SOUTH RIVER–Telling a story of friendship, connection and hope, Gigi Darko’s new book “The Sisterhood of the Traveling Pan” showcases positive experiences during the coronavirus (COVID-19) crisis.
A South River resident for 15 years, Darko said she has been an educator for 20 years in New York City, and currently is an assistant principal at a school in Brooklyn, New York.
” ‘The Sisterhood of the Traveling Pan’ is about two South River families who have found a way to connect during COVID-19,” Darko said. “There are three little girls on the block, two of them are African, the other is Italian, and they miss playing and sharing during this pandemic. Through a special pan, they have found a new way to share, connect and foster togetherness.”
The book was published and released in August.
Darko said the book raises several questions that are in every child’s mind: What is a pandemic? Why are all the adults afraid to go outside? What is a protest and why does it mean we aren’t together?

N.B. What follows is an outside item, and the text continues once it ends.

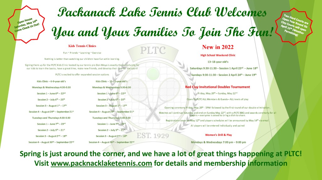 TENNIS CLUB UPDATE By packanacklake on March 23, 2022 • ( Leave a comment ) Share this: Click to share on X (Opens in new window) X Click to share on Facebook (Opens in new window) Facebook Click to email a link to a friend (Opens in new window) Email Click to share on Pinterest (Opens in new window) Pinterest Like Loading... Related Categories: Uncategorized packanacklake

“The book shares the sentiment that we have more in common than not. In child-friendly language, parents can begin to have a conversation about what is going on in our world with this book,” Darko said. “It is also a great book to read in schools at the beginning of the year so that children can have a conversation about their summer in a culturally responsive way.”
Darko said she wrote the book because as a mother of two young girls, it broke her heart to tell them that they couldn’t go outside but she knew there were other creative things they could do to chase the blues away.
“This pandemic has affected us all and I wanted to share how these three little girls found a way to share and bring unity in the neighborhood despite COVID-19, and also because of the protesting that has been going on,” Darko said.
Darko said she got the idea to write her book in April after her daughter Gianna asked her and her husband to bake an extra pan of cornbread for their neighbors. She said she wrote the book in a day. The process of getting it published took three months.
“In our little part of the world, children do not see color. They see friendship, they see laughter, they see good food, and that is what they focus on,” Darko said. “I wrote the book because I wanted to remind our girls that there is always hope when we decide to be kind to each other. I wanted to give parents a way to start a dialogue with their little ones about what is going on in their world.”
Darko said Ujaala Shahid is the illustrator, who is an up-and-coming illustrator who lives overseas.
“I had to do lots of research and gather a team of consultants to support the publication of this book,” Darko said. “Once we had the most current information, we created a publishing company called Notes Publishers to help other authors who need guidance publishing their book.”
Darko said the book can be purchased by visiting her publishing company’s website, Amazon or Kindle. Barnes and Nobles is in the process of stocking it as well but had not been finalized as of press time, she said.